ひな祭りのある3月には、雛道具にちなんでカルトナージュの小さな作品や引き出しなどをテーマに画像を紹介してきました。
下の箱もその1つ。「シークレットボックス」と名付けたシリーズの作品の応用タイプで、手のひらにのる大きさ。小さいと言ってもミニチュアではなく、ハサミや針などが入るお針箱です。

以前紹介した記事はこちらから↓
内部は小さな引き出しがあり、ピンクッション、ニードルブック(ブック型の針刺し)なども収納できるようになっています。

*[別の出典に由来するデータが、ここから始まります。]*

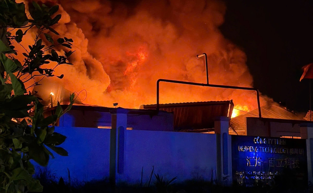 Around 8:30 PM, a fire broke out at the production workshop of Huifeng Technology (Baili) Co., Ltd., a paint manufacturer, located in Long Nguyen ward, Ben Cat City, Binh Duong.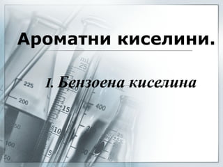 3. Химични свойстваДисоциация: C 6 H 5 COOH = > H + + C 6 H 5 COO - Реакции до карбоксилната група- Взаимодействие с натриева основа : C 6 H 5 COOH + NaOH => C 6 H 5 COONa + H 2 O ( неутрализация ) натриев бензоат Взаимодействие с алкохоли: C 6 H 5 COOH + С 2 Н 5 ОН = > C 6 H 5 COO С 2 Н 5 + H 2 O (естерификация) етилбензоат Реакции до бензеновото ядро Нитриране:

もともと小さいものやミニチュアが好きで、2007年から2008年ごろに楽しみながら作った作品。当初は教室の課題ではなかったのですが、「作ってみたい」という声に応じてレッスン課題(ご希望者のみ)となりました。
面倒そうに見えるかもしれませんが、基礎作品で学んだテクニックの積み重ねなので、意外とスイスイ完成していただけるのが嬉しい発見でした。
それぞれ好みの材料で、私のサンプルよりずっと素敵に仕上がっています。
<教室で受講された皆さまの作品より>
砂色のリネン/麻の、繊細な花柄や田園風景が描かれたシックなトワルドジュイ/Toile de Jouyを使ったTさんの作品。引き出しやピンクッション、トレイになる蓋の裏もお揃いの布を贅沢に使ってあります。
そのまま飾っても素敵なアンティークな雰囲気のボックス。アメジスト色のグラスビーズのタッセルがおしゃれです。

下は18世紀にフランスで流行したインド更紗風のモチーフの生地を使ったYさんの作品。赤い色のアクセントがアンティーク調の布を引き立てています。
ゴールドの金具や貝殻ビーズの白と赤のタッセルなど装飾を効果的に使うことで、可愛らしさがアップしています。

からくり箱のテクニックに加え、引き出し、細工物、文房具の技術も必要なカルトナージュの応用作品。お裁縫箱にこだわらず、それぞれのアイデアや用途で自由に制作していただけます。
簡単なブックカバーでも、複雑な箱でも、世界に1つだけのクラフト作品を自分の手で作る体験や楽しさは、まだAIには奪われていませんね。
上の画像も、皆さまが1つ1つ紙や布を切ったり貼ったりして地道に仕上げて下さったものです。